問いかけると、咲は呆れたように彦斎を睨んだ。

それがしがお願いしたのでござるよ」

「彦斎さんが?」

「おお、某の名をご存じであったか」

「あ、いや……有名人、ですから」

「ああ、そういうことでござるか。人斬りの名が知れているというのは、あまり誇れることではござらぬが……」

彦斎は少し苦笑いをしてから、真剣な眼差しを向けた。

「それで、なぜ助けるのかという話であったな。実は、去るお方に頼まれたのでござる」

「そのお方とは?」

「久坂玄瑞殿でござるよ」


オリバーは息を呑んだ。

「えーっ!」

「某、久坂殿には大変お世話になり申した。先日、久坂殿が神戸に来られた際にお会いしたのですが、その時に『オリバーという男が京へ行ったら、困ったときに助けてやってほしい』と」

「そ、そうだったんですか……」

「あなたはイギリス人ですが、決して敵ではない。それどころか、混乱するこの国を守ってくれる男だ。――久坂殿はそう仰っておられた」


「久坂さんは、俺のことを他に何か……?」

「これを……」

彦斎が一冊の書物を取り出した。それはオリバーが以前、日本への見解と、イギリス・欧州の情勢、そして日本が近代国家として歩むべき道筋を記し、勝海舟に手渡した意見書だった。

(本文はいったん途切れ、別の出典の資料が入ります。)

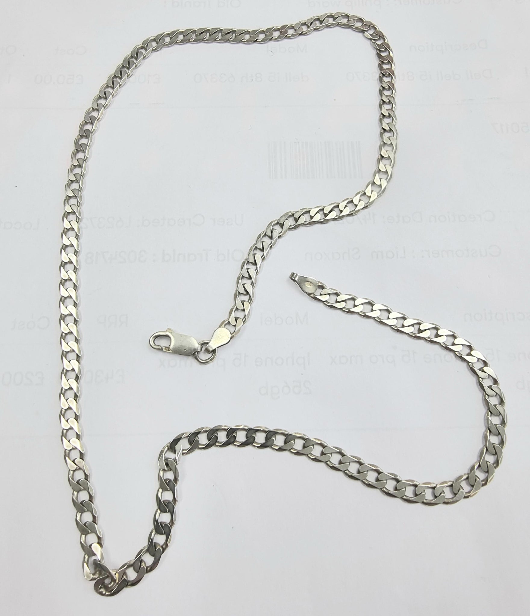 A nice silver flat chain 20" weighing 14.32 grams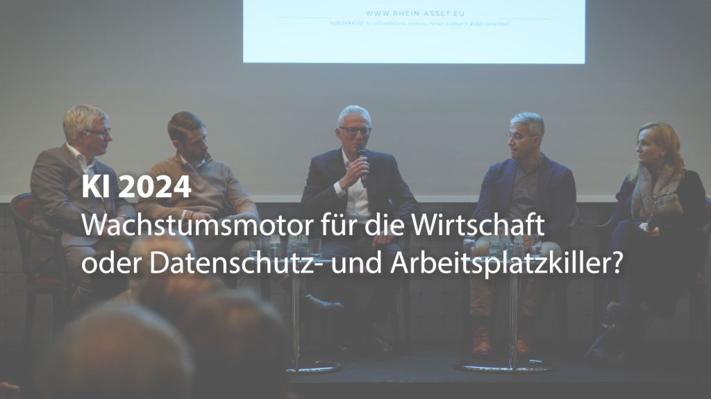 KI 2024 – Wachstumsmotor für die Wirtschaft oder Datenschutz- und Arbeitsplatzkiller? So lautete der Titel der Podiumsdiskussion, zu der Rhein Asset Management in den Düsseldorfer Industrieclub einlud.

「某、この書物に深い感銘を受け申した。……そして、きっぱりと『攘夷』を捨て申した」

「なんですって!?」

河上彦斎といえば、史実では明治以降も攘夷に固執した代表的な人物だ。その彼が攘夷を捨てたというのは、歴史を揺るがす大事件だった。

「この書物は、すでに岩倉殿、長州の桂殿、そして薩摩の西郷殿も読まれておられるはず。ビルマのこと、よろしくお願い申し上げます。この日本のためにも」

【どうやら、知らない間に日本の歴史に大きな変化が起こってしまったようですね】

(……そうだな。とんでもないことになった)


「話し中悪いけど、大坂が見えてきたで。あんた、ここからは走っていくんやろ?」

咲の声で我に返った。

大坂から神戸までなら、強化されたオリバーの足ならひとっ走りだ。

助けてくれた彦斎と咲に、オリバーは心からの感謝を伝えた。


「良いのでござるよ。また日本へ来られたら、一杯やり申そう」

「私は廻船問屋の娘や。イギリスとの交易の話、期待してるで!」

後に知ることになるが、この咲という娘は日本でも有数の廻船問屋の令嬢であり、いずれ日本の貿易を支える大きな柱となる潜在力を持った人物だった。


オリバーは船を降り、全力疾走で神戸を目指した。

異国の商館がまばらに立ち始めた街路を駆け抜ける。

夜が明けきった頃、清国の商船が停泊する桟橋が見えてきた。


なんとか間に合った!

朝日を背に受け、光る波と海風が心地よい、早春の朝であった。